Hi there I was hoping to find help here. I don't understand the following behavior. Please note that this is an exercise from The C Programming Language (4-4).
It is about the double top(void) definition in the stack.c. It should return the top of the stack as a double.
When I try to print it (with the command p) then the number format is not correct.
If I put the printf(...) in the top function itself then the format is correct.

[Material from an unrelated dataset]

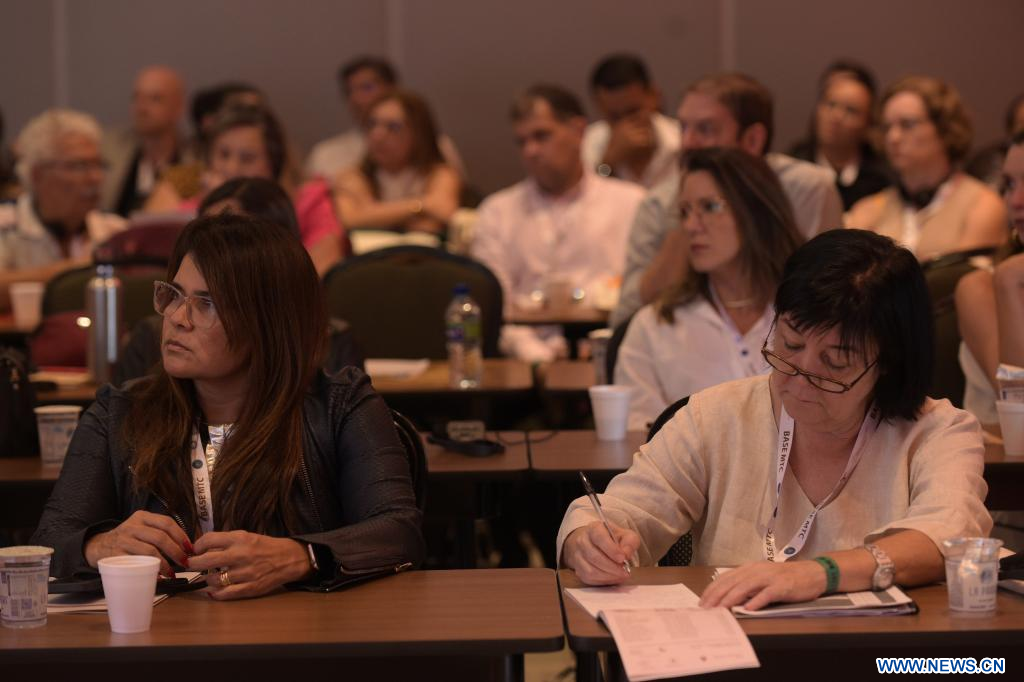 Estudiantes asisten a una conferencia durante el II Congreso Internacional de Medicina Tradicional China (MTC), en Brasilia, Brasil, el 22 de marzo de 2024. Con la participación de destacadas personalidades, inició el jueves en el Centro Internacional de Convenciones de Brasilia el II Congreso Internacional de MTC, que se llevará a cabo del 21 al 23 de marzo con el lema: "Integrando Prevención, Promoción y Sostenibilidad en los Sistemas de Salud". (Xinhua/Lucio Tavora)

I don't understand why that is.
I am using NetBeans 8.0.2 with default gcc compiler.
main.c
#include <stdio.h>
#include <stdlib.h>
#define MAXOP 100 /* max size of operand or operator */
#define NUMBER '0' /* signal that a number was found */
int getop(char []);
void push(double);
double pop(void);
/* reverse Polish calculator */
main() {
int type;
double op2;
char s[MAXOP];
while ((type = getop(s)) != EOF) {
switch (type) {
case NUMBER:
push(atof(s));
break;
case '+':
push(pop() + pop());
break;
case '*':
push(pop() * pop());
break;
case '-':
op2 = pop();
push(pop() - op2);
break;
case '/':
op2 = pop();
if (op2 != 0.0)
push(pop() / op2);
else
printf("error: zero divisor\n");
break;
case '%':
op2 = pop();
if (op2 != 0.0)
push((int) pop() % (int) op2);
else
printf("error: zero divisor\n");
break;
case 'p':
printf("\t%.8g\n", top());
break;
case 'd':
push(top());
break;
case 's':
printStack();
break;
case '\n':
printf("\t%.8g\n", pop());
break;
default:
printf("error: unknown command %s\n", s);
break;
}
}
return 0;
}
stack.c
#include <stdio.h>
#define MAXVAL 100 /* maximum depth of val stack */
int sp = 0;
/* next free stack position */
double val[MAXVAL];
/* value stack */
/* push: push f onto value stack */
void push(double f) {
if (sp < MAXVAL)
val[sp++] = f;
else
printf("error: stack full, can′t push %g\n", f);
}
/* pop: pop and return top value from stack */
double pop(void) {
if (sp > 0)
return val[--sp];
else {
printf("error: stack empty\n");
return 0.0;
}
}
/* top: return top value from stack */
double top(void) {
if (sp > 0) {
return val[sp - 1];
} else {
printf("error: stack empty\n");
return 0.0;
}
}
/* swap two top values */
void swap(void) {
if (sp > 1) {
double t1 = pop();
double t2 = pop();
push(t1);
push(t2);
} else
printf("error: stack (almost) empty\n");
}
/* clear the stack */
void clear(void) {
sp = 0;
}
/* print the stack */
void printStack(void) {
int i;
for (i = sp - 1; i >= 0; i--)
printf("%g ", val[i]);
}
getop.c
#include <ctype.h>
#include <stdio.h>
#define NUMBER '0' /* signal that a number was found */
int getch(void);
void ungetch(int);
/* getop: get next operator or numeric operand */
int getop(char s[]) {
int i, c;
while ((s[0] = c = getch()) == ' ' || c == '\t')
;
s[1] = '\0';
if (!isdigit(c) && c != '.' && c != '-')
return c;
if (c == '-') { // possible negative number
if (!isdigit(s[0] = c = getch())) { // minus operator
ungetch(c);
s[0] = c = '-';
return c;
} else { // negative number
s[0] = '-';
s[1] = c;
i = 1;
}
} else
i = 0; // positive number
if (isdigit(c)) /* collect integer part */
while (isdigit(s[++i] = c = getch()))
;
if (c == '.') /* collect fraction part */
while (isdigit(s[++i] = c = getch()))
;
s[i] = '\0';
if (c != EOF)
ungetch(c);
return NUMBER;
}
getch.c
#define BUFSIZE 100
char buf[BUFSIZE]; /* buffer for ungetch */
int bufp = 0; /* next free position in buf */
int getch(void) /* get a (possibly pushed back) character */ {
return (bufp > 0) ? buf[--bufp] : getchar();
}
void ungetch(int c) /* push character back on input */ {
if (bufp >= BUFSIZE)
printf("ungetch: too many characters\n");
else
buf[bufp++] = c;
}
Your main.c does not know how top is defined. It decides on a default return value of int, which leads to undefined behaviour when printing it with a format designed for double. If you enable warnings, which you should, you'll get something like "Implicit declaration of top".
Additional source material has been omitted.